I’ve been pondering for a while on how to showcase some replay functionality in our AMPS product in a way that’s general enough that everyone understands the concept, yet provides a solution metaphor that easily translates into other domains. Ideally, the data would be from some real-world system, where time-series, ordering, and content filtering could be useful (again, leveraging the features of the product I’m trying to explain.)
One thing is for certain: whether you’re building a demo for your product or just trying to practice skills in big data, YOU NEED DATA. While Fisher’s Iris data set from the 1930’s is great for text book explanations of clustering, k-means, and some machine learning concepts, it doesn’t really exercise the cutting edge technologies that are designed for today’s large scale problem domains.

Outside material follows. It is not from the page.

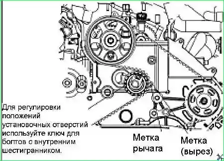 Установить натяжной шкив ремня привода ГРМ. Для этого, зафиксировать ограничительный кронштейн натяжного шкива ремня привода ГРМ в месте, где в головке блока цилиндров установлена круглая заглушка. Повернуть натяжной шкив при помощи шестигранного торцового гаечного ключа таким образом, чтобы монтажный штифт совместился с пазом, и затем затянуть болт крепления натяжного шкива рекомендуемым моментом затяжки. Момент затяжки: 22-26 Нм.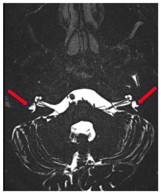 MRI of the inner ear for case 2, T2 tse3d weighted image, dysplasia of lateral semicircular canals (red arrows).

Earlier this month, I came across one of the most fascinating datasets I’ve seen to date: The NBA Motion Tracking database. Since the 2013-2014 season, every NBA court has 6 cameras elevated above the playing field that samples the 10 players and ball (in 3 DIMENSIONS!) at 25 times per second. That’s HUGE! You have a list of distinct players, teams, shot locations, all packaged into a beautiful time series accessible data set. All game events combined are around 6 BILLION events from 2013 through 2015, including the standard games, playoffs, and all-star games. The ball metrics include the x, y, and radius, which tracks the ball in all 3 dimensions throughout the game.
Without a doubt, knowing that the NBA is tracking all of this data and making it accessible [1] has made BASKETBALL MY FAVORITE SPORT (sorry, Soccer!)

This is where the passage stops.